__GIVEN RECORDS__
= Beginning of Section =

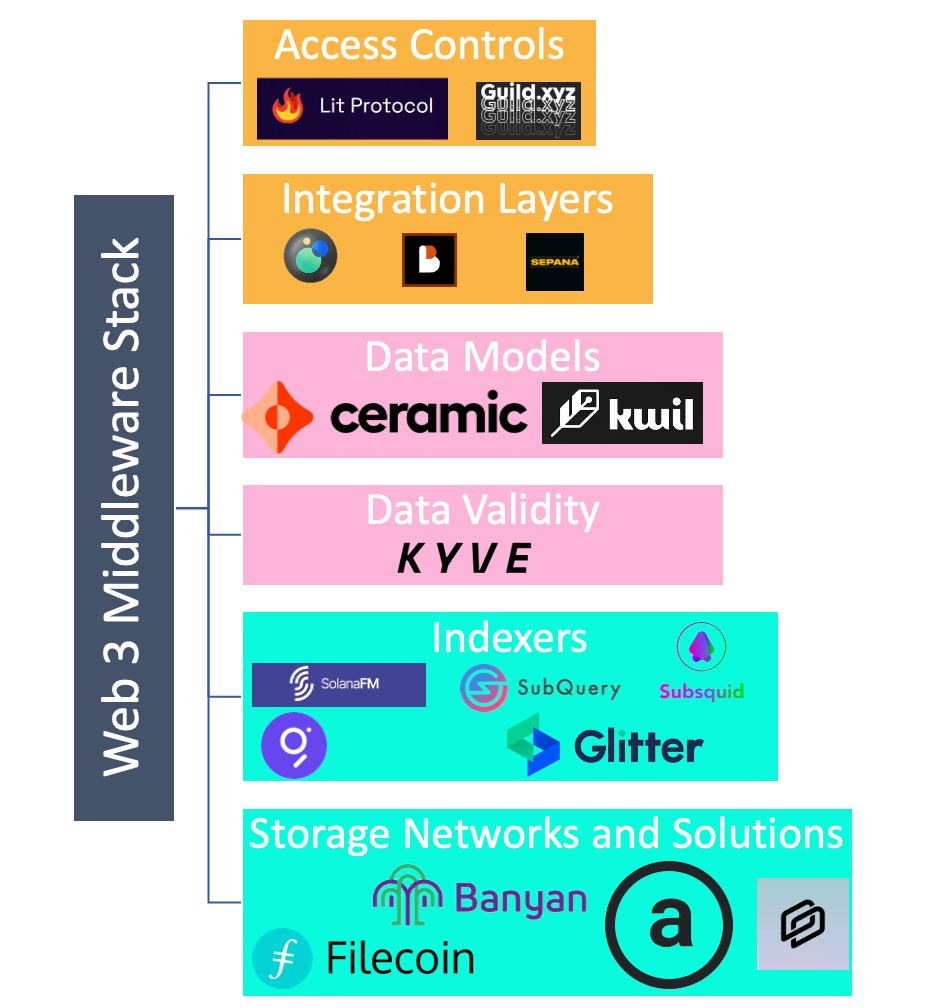 上图自上而下地逐层汇总了 Web 3 中间件应用栈的各级应用,访问控制有 Lit Protocol和Guild.xyz, 集成平台有 Polywrap,Gasless, 和Sepana,数据模型有 Ceramic,Kwil,数据有效性有 KYVE,索引器有 SolanaFM,SubQuery,Glitter,Subsquid等,储存网络及解决方案有Filecoin,Banyan,Arweave,Spheron。
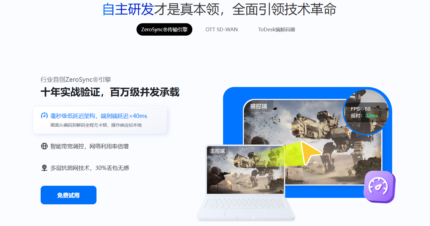 在远程控制技术研究领域,ToDesk首创ZeroSync®引擎、OTT SD-WAN 网络及音视频编解码技术。这些核心技术让远程控制实现低延迟、高画质的稳定传输,并通过智能网络导航选择最优路径规划,告别延迟卡顿问题。
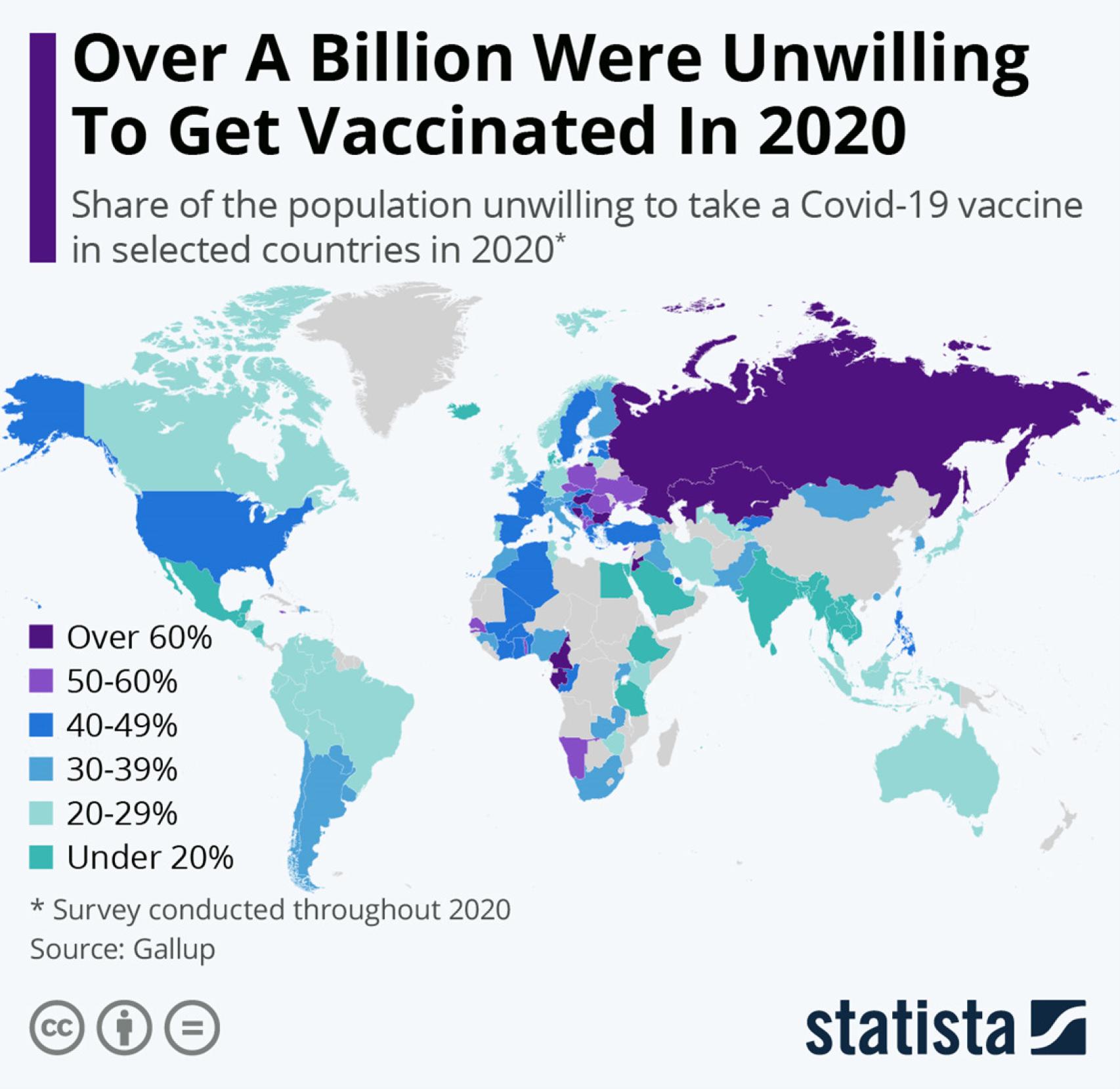 La mayoría rechazaría la vacuna en 20 países, principalmente en Europa del Este y África. En total, más de mil millones de personas no estaban dispuestas a vacunarse durante el primer año de la pandemia.
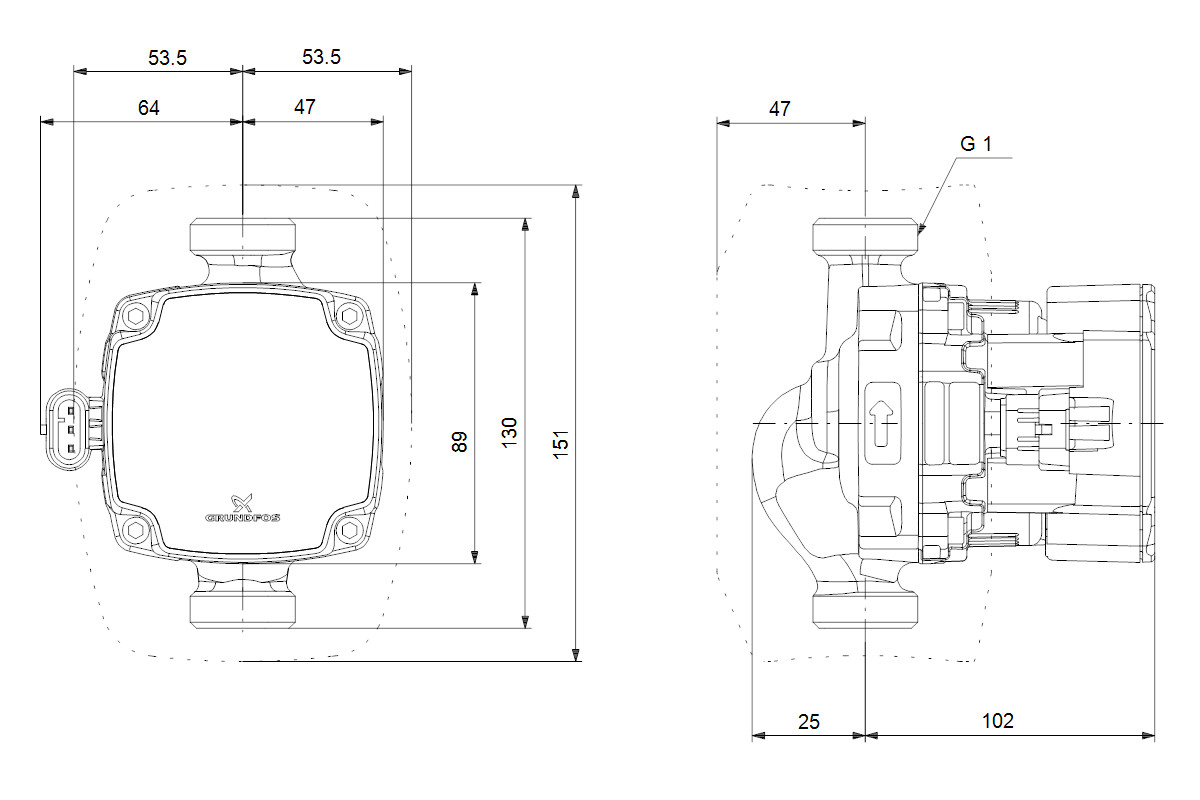 Grundfos Hocheffizienz-Umwälzpumpe Alpha1 GO 25-60 130, DN25, 130 mm, geregelt W942239
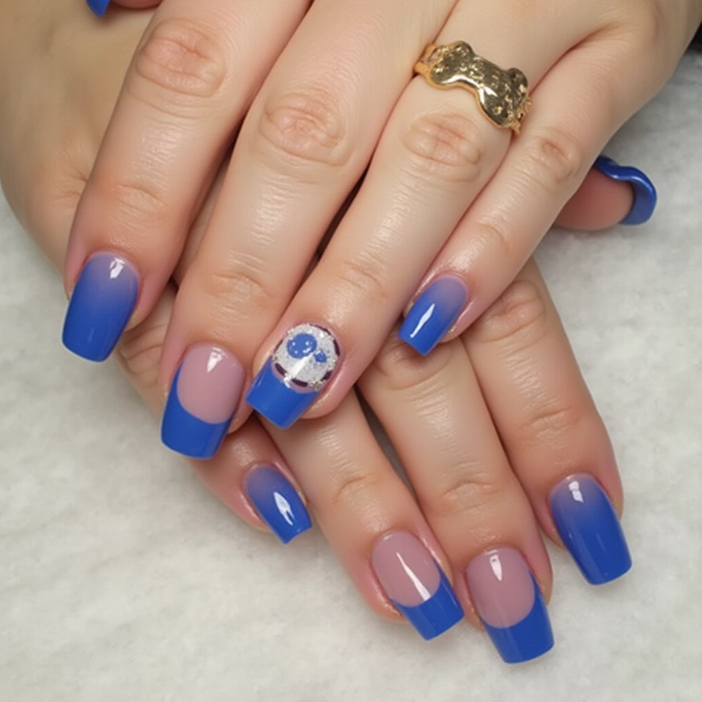 The French manicure is a classic design, but when you swap the traditional white tips for blue, you create a modern and chic look that’s perfect for any occasion.
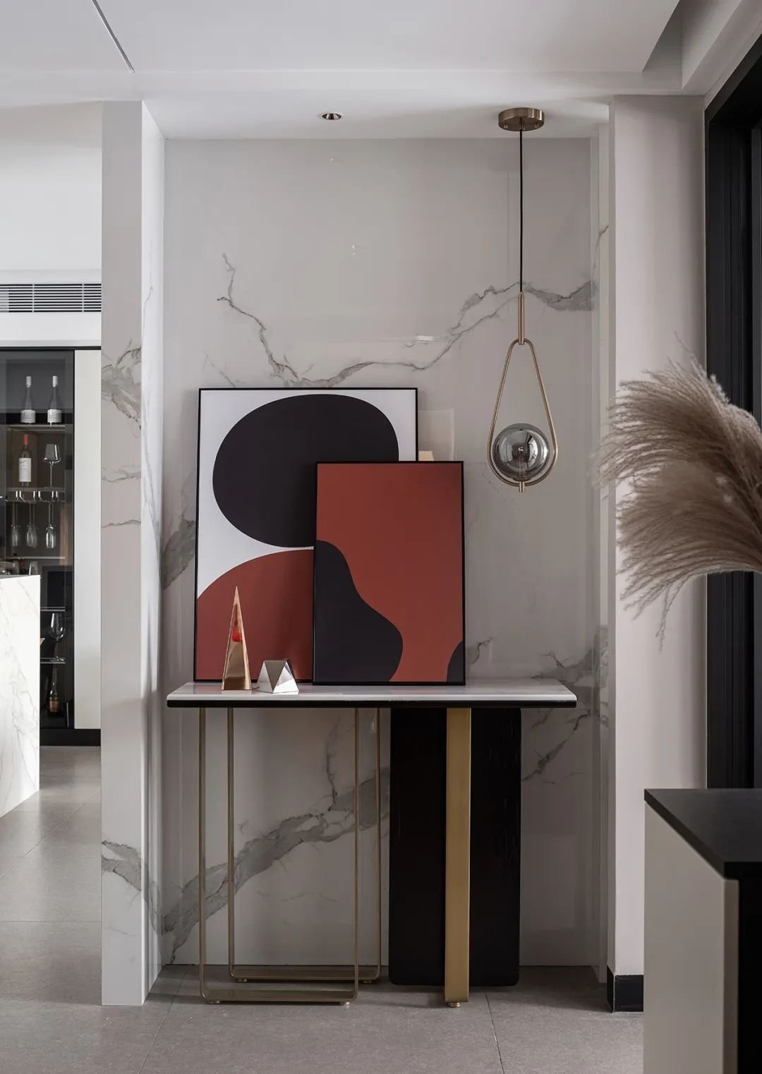 如果過道空間不足,無法實現(xiàn)整墻玄關柜的時候,可以選擇矮柜,墻面做點裝飾掛鉤、掛畫等,既實用也很有范。
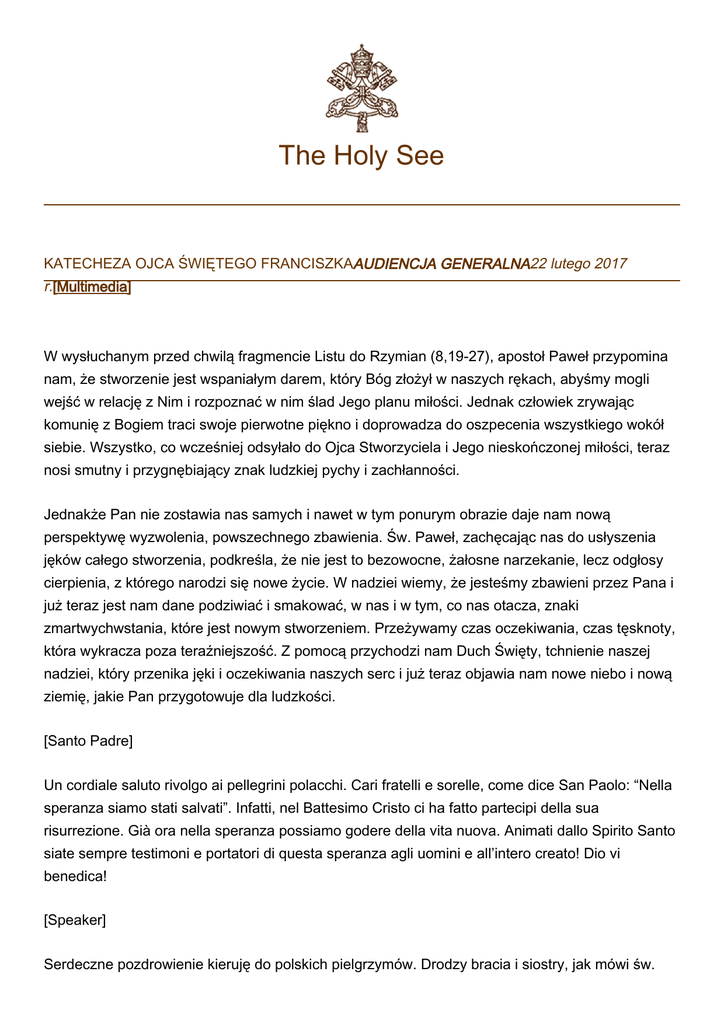 The Holy See KATECHEZA OJCA ŚWIĘTEGO FRANCISZKAAUDIENCJA GENERALNA22 lutego 2017 r.[Multimedia] W wysłuchanym przed chwilą fragmencie Listu do Rzymian (8,19-27), apostoł Paweł przypomina nam, że stworzenie jest wspaniałym darem, który Bóg złożył w naszych rękach, abyśmy mogli wejść w relację z Nim i rozpoznać w nim ślad Jego planu miłości. Jednak człowiek zrywając komunię z Bogiem traci swoje pierwotne piękno i doprowadza do oszpecenia wszystkiego wokół siebie. Wszystko, co wcześniej odsyłało do Ojca Stworzyciela i Jego nieskończonej miłości, teraz nosi smutny i przygnębiający znak ludzkiej pychy i zachłanności. Jednakże Pan nie zostawia nas samych i nawet w tym ponurym obrazie daje nam nową perspektywę wyzwolenia, powszechnego zbawienia. Św. Paweł, zachęcając nas do usłyszenia jęków całego stworzenia, podkreśla, że nie jest to bezowocne, żałosne narzekanie, lecz odgłosy cierpienia, z którego narodzi się nowe życie. W nadziei wiemy, że jesteśmy zbawieni przez Pana i już teraz jest nam dane podziwiać i smakować, w nas i w tym, co nas otacza, znaki zmartwychwstania, które jest nowym stworzeniem. Przeżywamy czas oczekiwania, czas tęsknoty, która wykracza poza teraźniejszość. Z pomocą przychodzi nam Duch Święty, tchnienie naszej nadziei, który przenika jęki i oczekiwania naszych serc i już teraz objawia nam nowe niebo i nową ziemię, jakie Pan przygotowuje dla ludzkości. [Santo Padre] Un cordiale saluto rivolgo ai pellegrini polacchi. Cari fratelli e sorelle, come dice San Paolo: “Nella speranza siamo stati salvati”. Infatti, nel Battesimo Cristo ci ha fatto partecipi della sua risurrezione. Già ora nella speranza possiamo godere della vita nuova. Animati dallo Spirito Santo siate sempre testimoni e portatori di questa speranza agli uomini e all’intero creato! Dio vi benedica! [Speaker] Serdeczne pozdrowienie kieruję do polskich pielgrzymów. Drodzy bracia i siostry, jak mówi św. 2 Paweł: „W nadziei już jesteśmy zbawieni”. Rzeczywiście przez chrzest Chrystus uczynił nas uczestnikami swego zmartwychwstania. Już teraz w nadziei możemy cieszyć się nowym życiem. Ożywiani Duchem Świętym bądźcie zawsze świadkami i nosicielami tej nadziei wobec ludzi i wobec całego stworzenia! Niech Bóg wam błogosławi! © Copyright - Libreria Editrice Vaticana

= End of Section =

Only the lines starting at the one that includes "Grundfos Hocheffizienz-Umwälzpumpe Alpha1" and ending at the one that includes "如果過道空間不足,無法實現(xiàn)整" should be retyped, exactly, from the records above; no pictures.

 Grundfos Hocheffizienz-Umwälzpumpe Alpha1 GO 25-60 130, DN25, 130 mm, geregelt W942239
 The French manicure is a classic design, but when you swap the traditional white tips for blue, you create a modern and chic look that’s perfect for any occasion.
 如果過道空間不足,無法實現(xiàn)整墻玄關柜的時候,可以選擇矮柜,墻面做點裝飾掛鉤、掛畫等,既實用也很有范。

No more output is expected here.